### What this task involves
Copy out each line of the data that holds the word "para".

### Task inputs
Content starts
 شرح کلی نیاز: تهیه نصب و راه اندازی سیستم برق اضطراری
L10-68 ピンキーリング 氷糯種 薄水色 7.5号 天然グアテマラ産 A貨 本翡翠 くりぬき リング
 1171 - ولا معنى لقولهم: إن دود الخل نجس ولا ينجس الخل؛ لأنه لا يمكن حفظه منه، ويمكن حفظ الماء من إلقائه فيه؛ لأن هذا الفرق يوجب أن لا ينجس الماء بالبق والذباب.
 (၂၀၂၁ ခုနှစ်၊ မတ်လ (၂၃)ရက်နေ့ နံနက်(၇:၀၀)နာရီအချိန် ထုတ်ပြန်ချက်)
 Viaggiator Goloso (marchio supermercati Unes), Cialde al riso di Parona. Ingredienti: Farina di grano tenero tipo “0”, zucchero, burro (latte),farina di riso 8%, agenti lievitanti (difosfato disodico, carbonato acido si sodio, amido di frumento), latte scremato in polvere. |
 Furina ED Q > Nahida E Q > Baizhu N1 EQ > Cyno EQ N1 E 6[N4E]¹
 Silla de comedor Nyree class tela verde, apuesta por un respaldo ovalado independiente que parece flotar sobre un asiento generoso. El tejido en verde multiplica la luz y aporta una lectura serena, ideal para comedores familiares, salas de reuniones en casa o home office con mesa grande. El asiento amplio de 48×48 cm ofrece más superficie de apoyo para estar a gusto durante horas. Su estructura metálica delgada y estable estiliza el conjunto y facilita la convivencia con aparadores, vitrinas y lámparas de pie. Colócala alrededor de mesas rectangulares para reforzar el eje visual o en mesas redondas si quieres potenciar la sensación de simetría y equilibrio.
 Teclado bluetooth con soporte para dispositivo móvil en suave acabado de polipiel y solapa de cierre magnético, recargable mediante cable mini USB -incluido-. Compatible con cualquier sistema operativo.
Content ends
Content starts
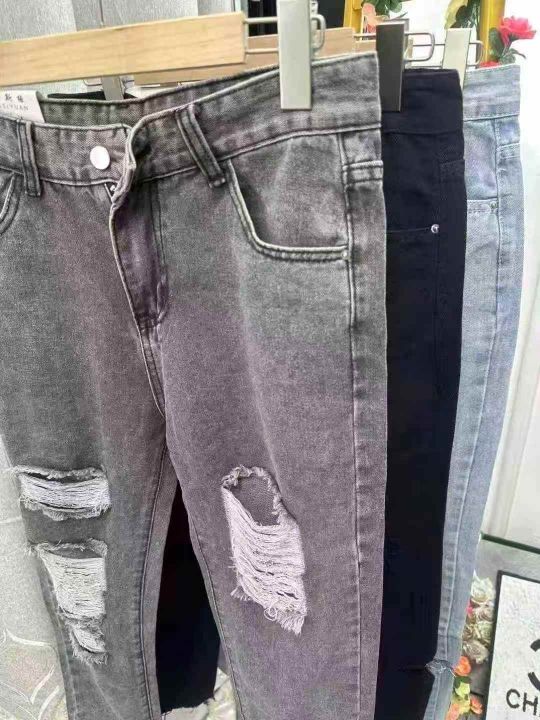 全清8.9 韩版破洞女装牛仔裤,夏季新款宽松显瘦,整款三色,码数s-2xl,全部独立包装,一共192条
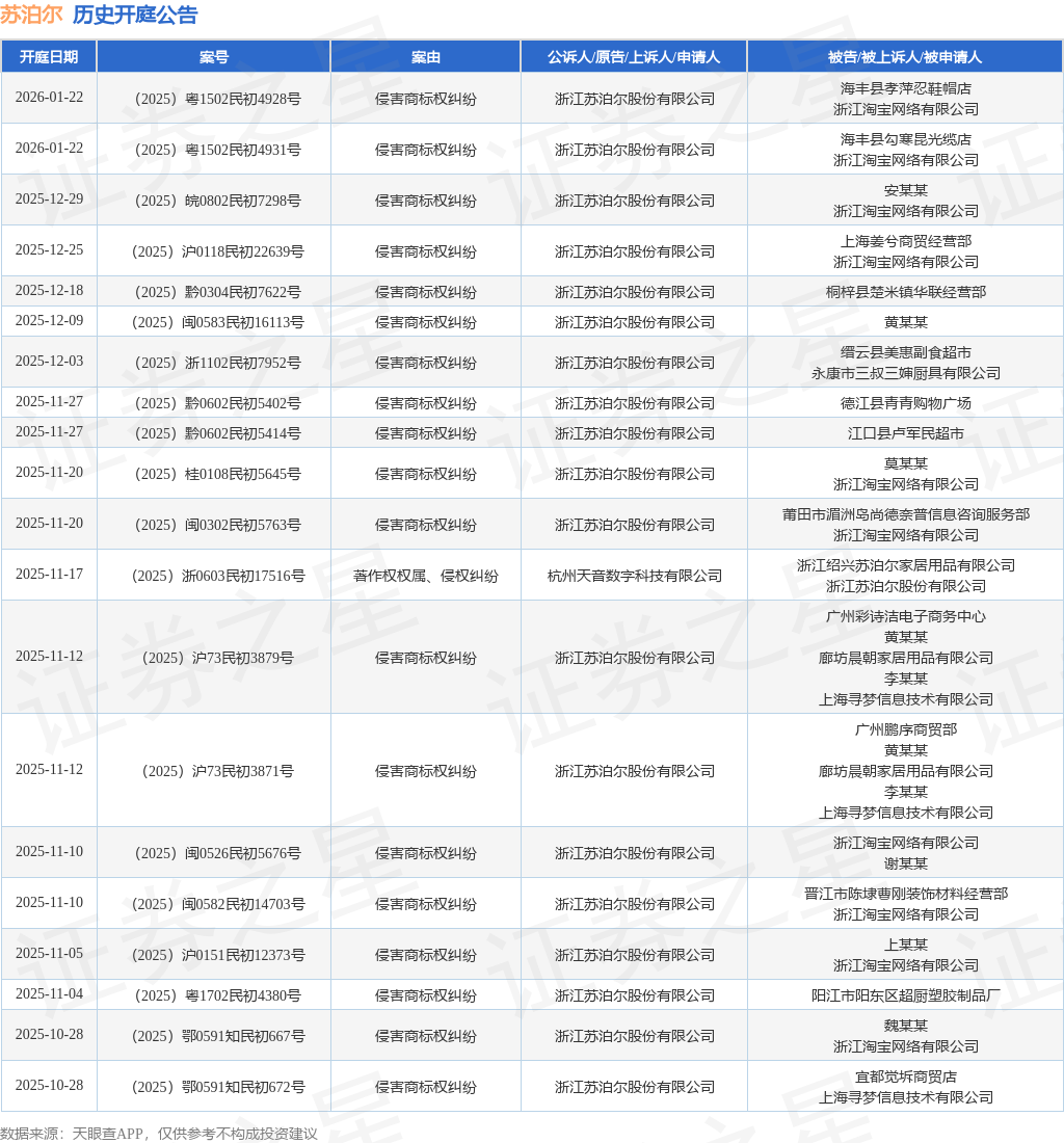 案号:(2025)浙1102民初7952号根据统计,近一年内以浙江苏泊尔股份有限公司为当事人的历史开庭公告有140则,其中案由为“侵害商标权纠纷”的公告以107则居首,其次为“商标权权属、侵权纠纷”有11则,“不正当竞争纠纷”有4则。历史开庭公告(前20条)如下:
Content ends
### Result
 Silla de comedor Nyree class tela verde, apuesta por un respaldo ovalado independiente que parece flotar sobre un asiento generoso. El tejido en verde multiplica la luz y aporta una lectura serena, ideal para comedores familiares, salas de reuniones en casa o home office con mesa grande. El asiento amplio de 48×48 cm ofrece más superficie de apoyo para estar a gusto durante horas. Su estructura metálica delgada y estable estiliza el conjunto y facilita la convivencia con aparadores, vitrinas y lámparas de pie. Colócala alrededor de mesas rectangulares para reforzar el eje visual o en mesas redondas si quieres potenciar la sensación de simetría y equilibrio.
 Teclado bluetooth con soporte para dispositivo móvil en suave acabado de polipiel y solapa de cierre magnético, recargable mediante cable mini USB -incluido-. Compatible con cualquier sistema operativo.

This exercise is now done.